Tools for Resilient and Mindful Leadership

Tools for Building Resilience

  • Completing the Stress Cycle (otherwise known as Exercise!): The concept of “completing the stress cycle” was new to me, but after reading by Emily Nagoski, PhD and Amelia Nagoski, DMA with my book group, my mind was blown. In practice, exercise has been a core part of my morning routine for decades, however, now I know exactly why it was so important. To put it simply, stress is heightened when you’re being chased by a lion (e.g. modern-day work/family/school stress, etc.), once you make it safely inside your house and escape the lion your body knows that it’s okay to relax. According to Emily Nagoski, PhD and Amelia Nagoski, DMA, “physical activity is the most effective (modern-day) way to tell your brain that you have successfully survived the threat and your body is now a safe place to live.” When you don’t complete the stress cycle, via exercise or other activities mentioned in the book, your body remains in a constant state of heightened stress that becomes physically and mentally taxing over time. Complete the cycle!
  • Sleep: As I mentioned above, sleep is critical. As Emily Nagoski, PhD and Amelia Nagoski, DMA put it so clearly in Burnout, “we are not complete without sleep.” There is so much great research they provided that I won’t go into detail here, but feel free to read the book! My husband and I aim to begin winding down for the night and heading to bed between 8:30 p.m. and 9:00 p.m. so we can get a full night’s sleep. It’s that important.
  • Dr. John Gottman’s The Seven Principles for Making Marriage Work: While these relationship principles may seem unrelated to business, I believe they can also be key to developing empathetic, caring and high-trust relationships with team members and for building resilience. On the personal side, my husband and I have been huge fans of Dr. John Gottman’s research and tools since we first used his love maps exercises on a train in Morocco in the early days of our relationship. Now married and one baby later, this principle of staying curious and interested in each other has carried us through growth and change to increased alignment around our values and shared purpose. The same can be true for developing knowledge and empathy with team members.
  • Nonviolent Communication (NVC): For those of you not familiar with this method of communication, it focuses on identifying and naming feelings and the unmet and met needs associated with those feelings (and then communicating those to others). At Avenue, as in my personal life, I’ve spent a great deal of time learning and practicing these principles, which has helped me to not only be better understood by others, but to better understand, empathize with and appreciate team members. All of these things have helped to nurture a supportive and collaborative culture that has less stress and anxiety and more humanity.

Tools for Mindfulness

  • Exercise in the Present Moment: Running keeps me in the present moment, unlike any other activity. When I am breathing fresh air, appreciating the trees and greenery around me, I am able to detach from my day-to-day stressors and challenges. In fact, some of my most creative moments and breakthroughs have been in the middle of a long run or a morning elliptical session.
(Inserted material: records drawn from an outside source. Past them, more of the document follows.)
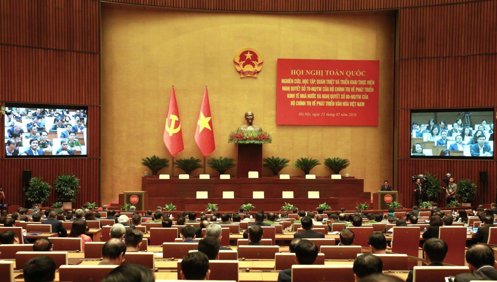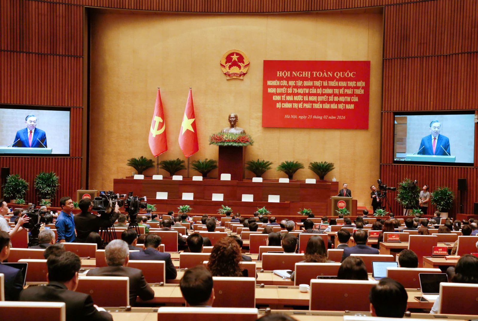 (TGDV) - Sáng 25/2/2026, tại Hội trường Diên Hồng, Nhà Quốc hội, Ban Bí thư tổ chức Hội nghị toàn quốc nghiên cứu, học tập, quán triệt và triển khai thực hiện Nghị quyết số 79-NQ/TW về phát triển kinh tế Nhà nước và Nghị quyết số 80-NQ/TW về phát triển văn hóa Việt Nam của Bộ Chính trị. Tổng Bí thư Tô Lâm dự và phát biểu chỉ đạo Hội nghị.
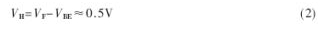 圖3中VF≈1V,施密特比較器的兩個比較點電壓分別為VH和VL,由式(2)和式(3)決定。
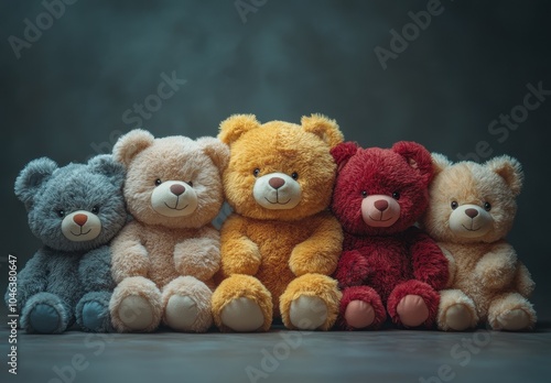 © KADER, Obraz premium High-Resolution Image of a Group of Teddy Bears Sitting Together with Soft Lighting
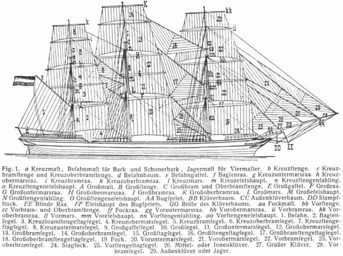 Keywords: L-sail.png Lueger Lueger/Seafaring Names of sails on square riggers Names of parts of rig or sails Drawings of ships Legend in German
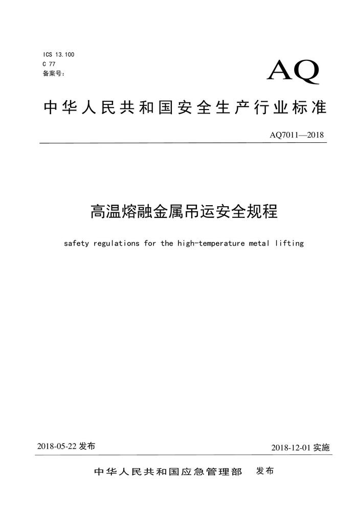AQ7011-2018《高溫熔融金屬吊運(yùn)安全規(guī)程》pdf

Through mindful exercise, I have been able to unlock new ideas and solve for some of the most pressing challenges in my business.
  • Put Distracting Electronics Away: After reading How to Break Up with Your Phonelast year, which describes smartphones as a “slot machine in your pocket,” it finally hit home that app and smartphone engineers make a living on making our phones as addictive as possible. I began keeping (and still keep) a log of my daily phone usage to track trends. Just taking the time to manually notice and record this data into a Google Sheet has activated my competitive drive to keep reducing my usage and be more present for my team and family.
  • Time Blocking for Enhanced Focus: Just as mindful exercise opens up space for creativity, time blocking on my calendar allows me to schedule space for myself to focus on key tasks and strategic priorities. The act of scheduling also creates the freedom to be creative without being pulled in competing directions by external distractions during that specific period of time.
  • Pause Before Meetings: It only takes a few seconds, but I’ve found that pausing to take a deep, mindful breath (sometimes with eyes closed) before a meeting is enough time to slow down and return to the present moment. Being calm and present enhances my focus and attention on the task at hand, which inevitably allows me to move faster later on.
  • Meditation: Of course meditation is part of my mindful tools mix, though it’s not at the top of my list. I still have yet to learn to love meditation, but I’m working on it! For me, just 10 minutes of meditation allows me to feel more present, rested and calm. Because exercise is the non-negotiable part of my morning routine, I’ve found that evening meditation is a much better fit with my schedule… and I’ve even found that it works better for me lying down on a yoga mat after a long day of work.